Nu wij – en vooral dan Matthé met zijn 78 jaar! – wat ouder worden, dringt de vraag: ‘Hoe lang houden we het nog vol?’ zich steeds vaker aan ons op. En met ‘het‘ bedoelen we dan ‘de tuin’. We hebben het antwoord daarop een tijd voor ons uitgeschoven, maar vorig jaar hebben we de knoop doorgehakt. We blijven op De Pullenhof én de tuin moet minder onderhoudsintensief worden. Entree: Carrie Preston.
Sinds afgelopen zomer ‘gebruiken’ we haar als (very) critical friend. Ze confronteert ons op een heel positieve wijze met achterstallig onderhoud, uit de kluiten gewassen bomen, struiken en vaste planten. En neemt ons mee op een nieuw avontuur naar een tuin die beter, mooier en onderhoudsvriendelijker wordt.

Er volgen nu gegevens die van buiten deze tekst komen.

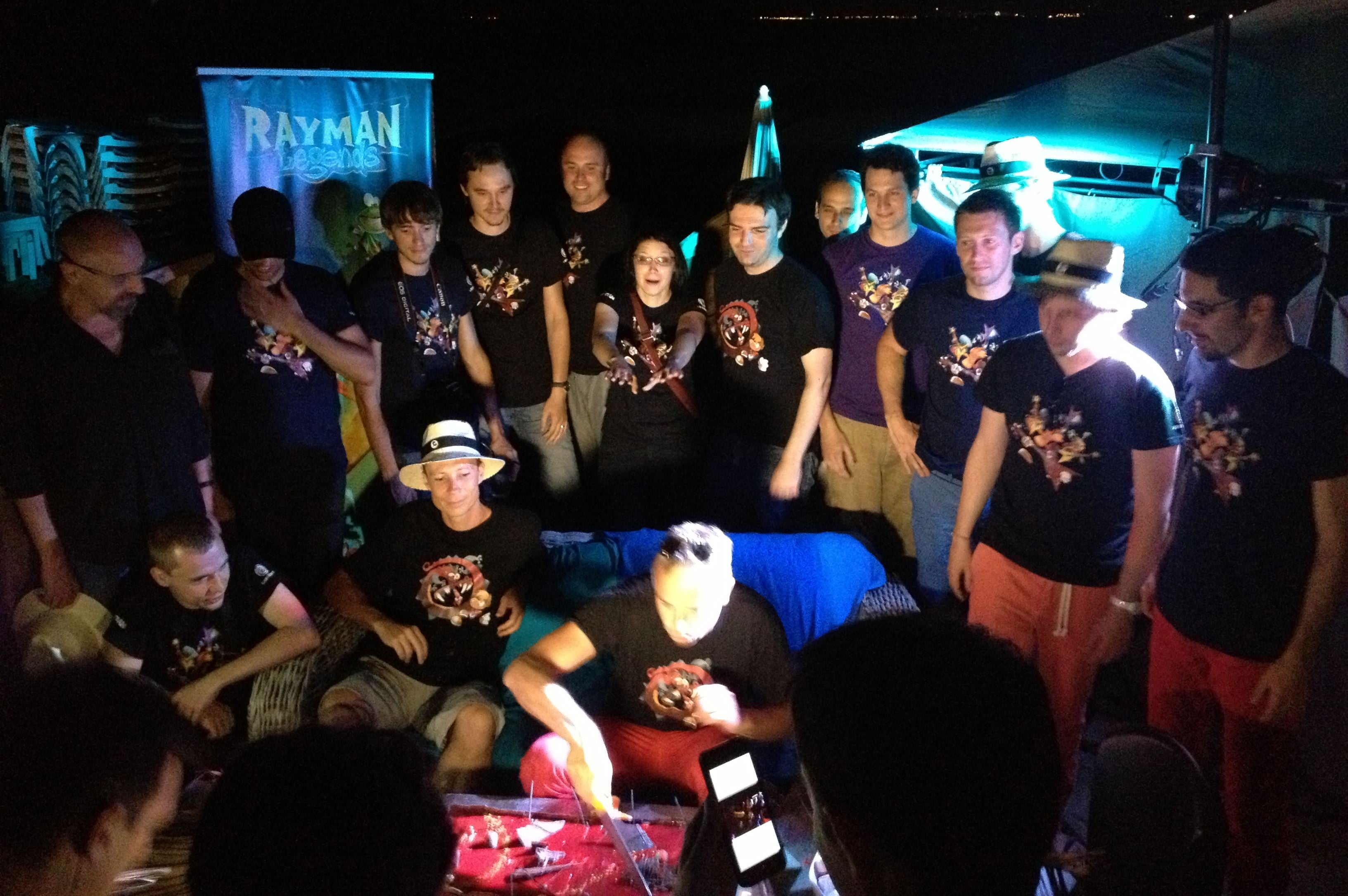 Michel Ancel is supposed to be talking to me about the finally-complete Rayman Legends, but he's gotten a little distracted. We're at a beachfront bar in Montpellier, just down the road from his studio, for an odd mix of press junket and wrap party, and Ancel is being cheered on by a crowd of workmates who've turned up for the occasion.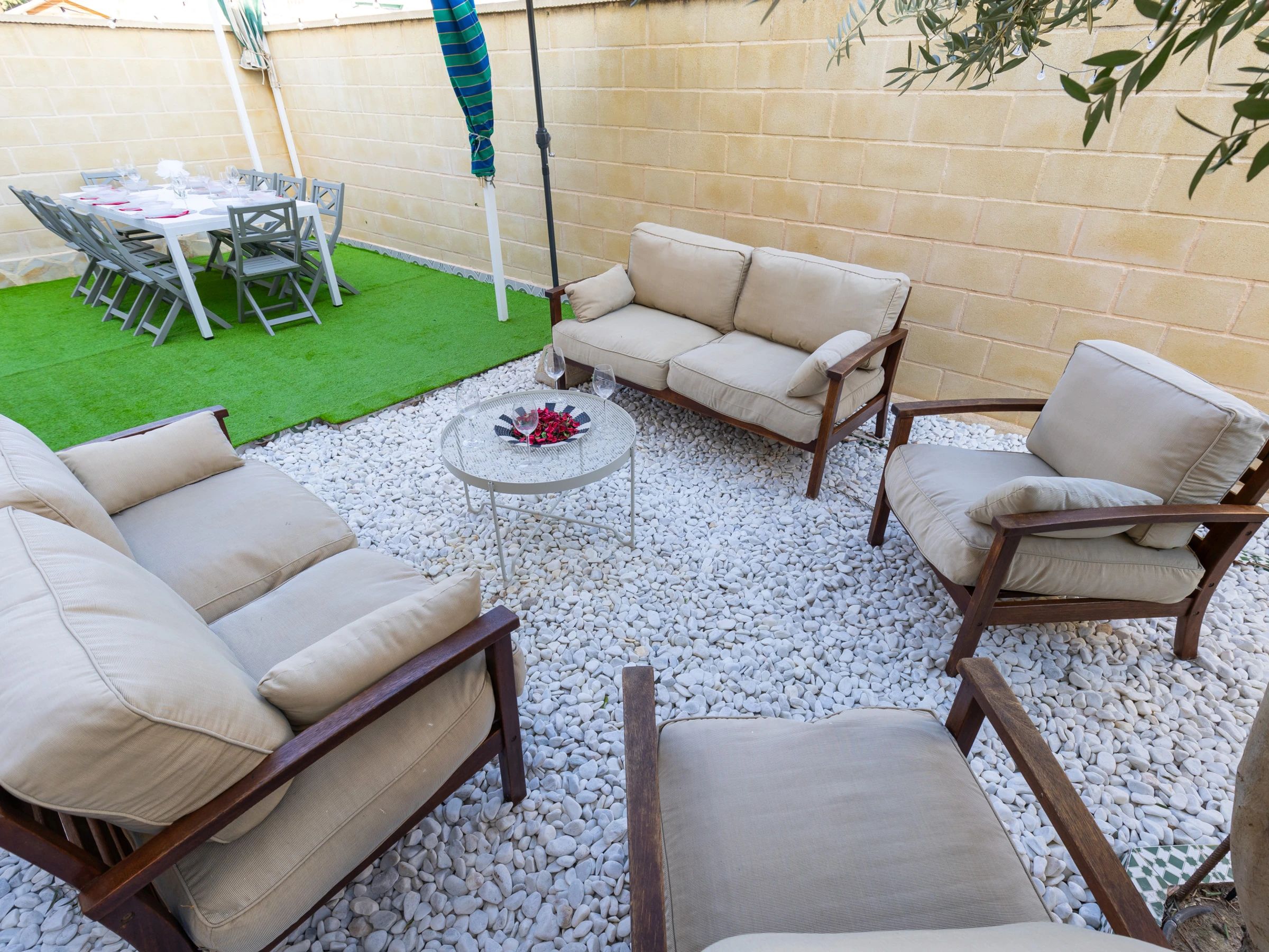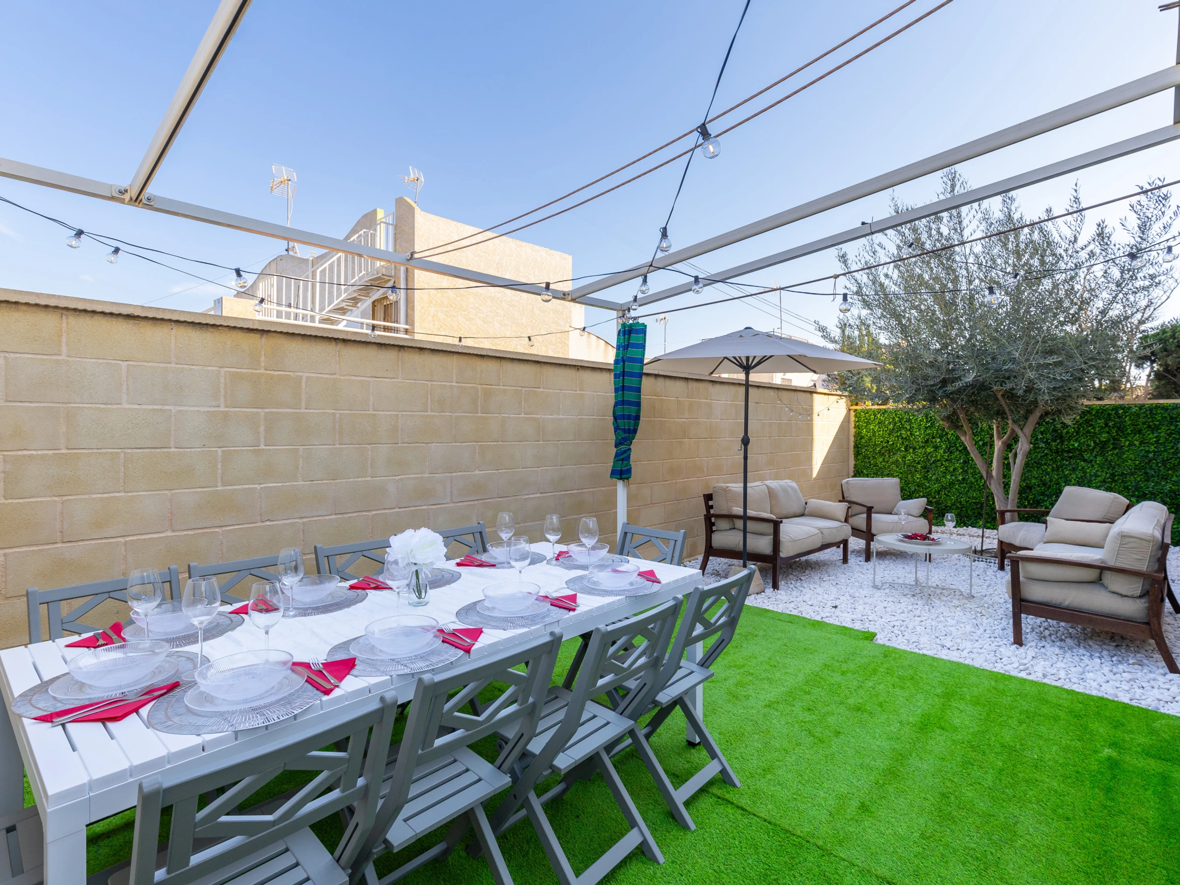 Die Unterkunft verfügt über garten, gartenmöbel, umzäuntes grundstück, 120 m² terrasse, waschmaschine, grill, bügeleisen/-brett, internet (WLAN), haartrockner, balkon, heizung, klimaanlage im wohnzimmer und einigen schlafzimmern, swimming-pool gemeinschaftlicher swimming-pool, parkplatz im freien, 1 Fernseher, radio.

Dat betekent ook: afscheid nemen van oude, grote liefdes. Struiken en planten waarvan wij nu bepalen dat zij, vaak na ruim 20 jaar trouwe dienst, een voltooid leven hebben. Waaraan wij dan nu een einde maken: eind maart gaan de grote borders helemaal op de schop, teneinde begin april opnieuw te worden ingeplant. Met een prachtig ontwerp voor een maanlichtgele border. Een heel oude wens van mij gaat daarmee in vervulling. Ergens schuilt in mij een grote romanticus.
Zomaar afscheid nemen gaat natuurlijk niet. Er moeten planten gered worden (waarvan Carrie dan waarschijnlijk later, als ze ze op hun nieuwe plek ziet staan, zegt: ‘Eruit ermee!’). En gelijk heeft ze, we moeten keuzes maken. Maar voor de sneeuwklokjes maak ik een uitzondering: die moeten gered worden!
En dus ben ik nu al een paar weken bezig om elke vrije minuut pollen uit te steken, schoon te maken (zevenblad!) en te verhuizen. Op de houtwal vormen ze een wonderschone onderbeplanting in deze tijd van het jaar. En in tegenstelling tot krokussen zijn sneeuwklokjes ‘kipproof’!
Inmiddels heb ik er denk ik al wel meer dan duizend verplant. Wat een feest wordt het daar, als die zich gaan vermeerderen. Je hebt er geen omkijken naar en wat een schoonheid, zo vroeg in het voorjaar!